DuckDB’s Delta Integration

DuckDB added native Delta Lake support through the delta_scan() function. Point it at a Delta table directory, and it reads the transaction log, figures out which parquet files belong to the current version, and queries them directly.

import duckdb

conn = duckdb.connect()
conn.execute("INSTALL delta; LOAD delta;")

df = conn.execute("""
    SELECT *
    FROM delta_scan('lake/silver/billing_data_anonymized')
    WHERE date >= '2024-11-01'
""").df()

That’s it. No cluster configuration, no Java heap sizes, no Spark context. Just SQL against Delta tables, returning a pandas DataFrame.

The performance is excellent for small-to-medium data. DuckDB is an in-process database with columnar storage and SIMD vectorization.

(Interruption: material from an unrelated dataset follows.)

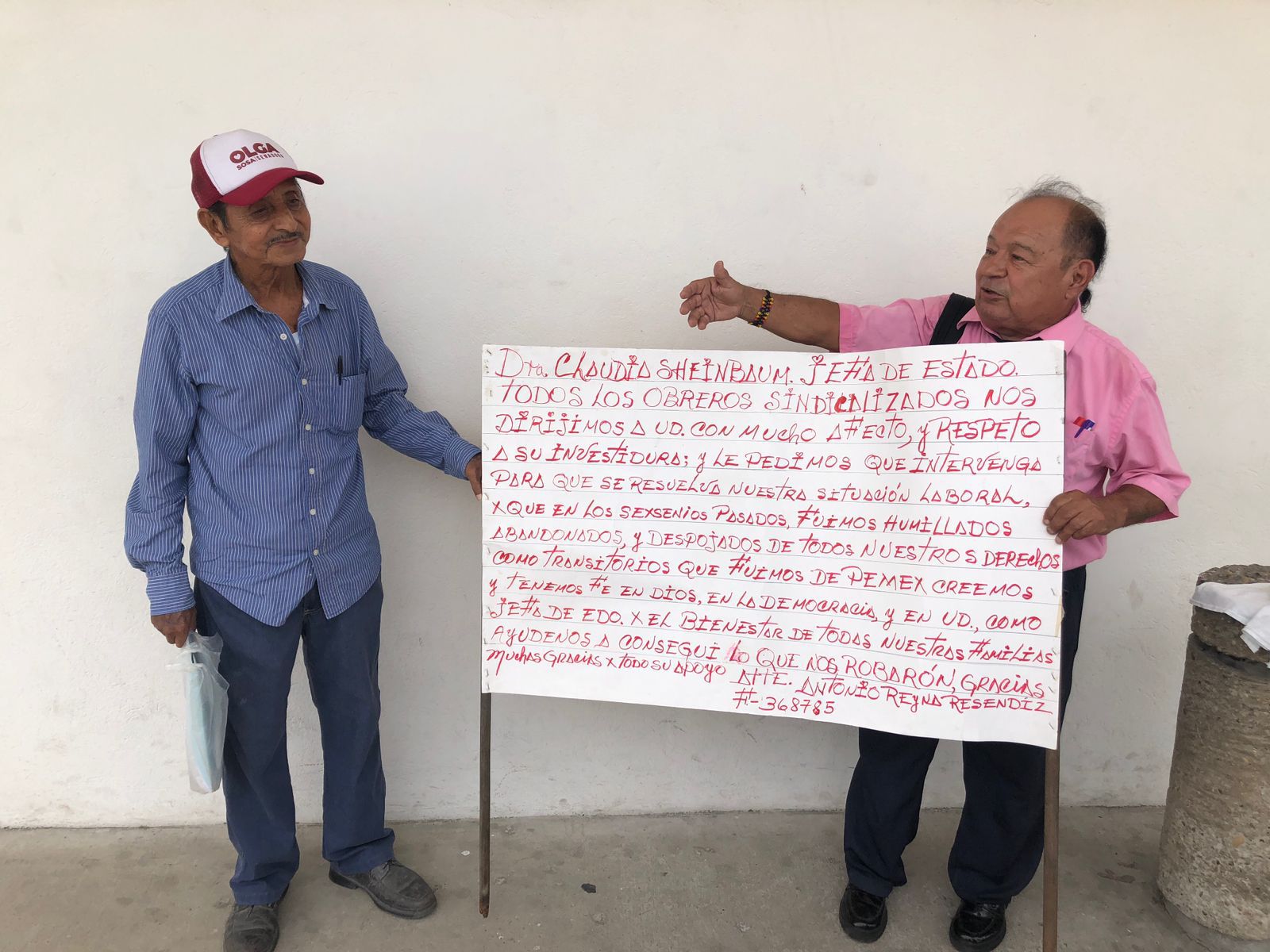 Llegan un ex trabajador de Petróleos Mexicanos al aeropuerto de Tampico, para exigirle a la presidenta de México, Claudia Sheinbaum justicia por todos los obreros de la paraestatal que fueron despojados de todos sus derechos, se trata de Antonio Reyna Resendiz, con ficha #368785.

For aggregation queries on our 250K row table, DuckDB is 3x faster than loading into pandas and doing groupby operations. It’s 40x faster than starting up Spark.

Delta-rs for Writes

Reading is one thing, writing is another. DuckDB’s Delta integration is read-only as of 2024. To write Delta tables, we need delta-rs, the official Rust-based implementation with Python bindings.

from deltalake import write_deltalake

write_deltalake(
    table_or_uri="lake/bronze/billing_data",
    data=df,
    mode="overwrite",
    schema_mode="merge"
)

This writes parquet files and updates the Delta transaction log atomically. Same ACID guarantees as PySpark, but it’s all happening in Rust with Python bindings. No JVM involved.

Schema evolution works automatically with schema_mode="merge". If the incoming DataFrame has new columns, they get added to the Delta table schema. Existing columns are preserved. This is the feature that eliminates schema change incidents.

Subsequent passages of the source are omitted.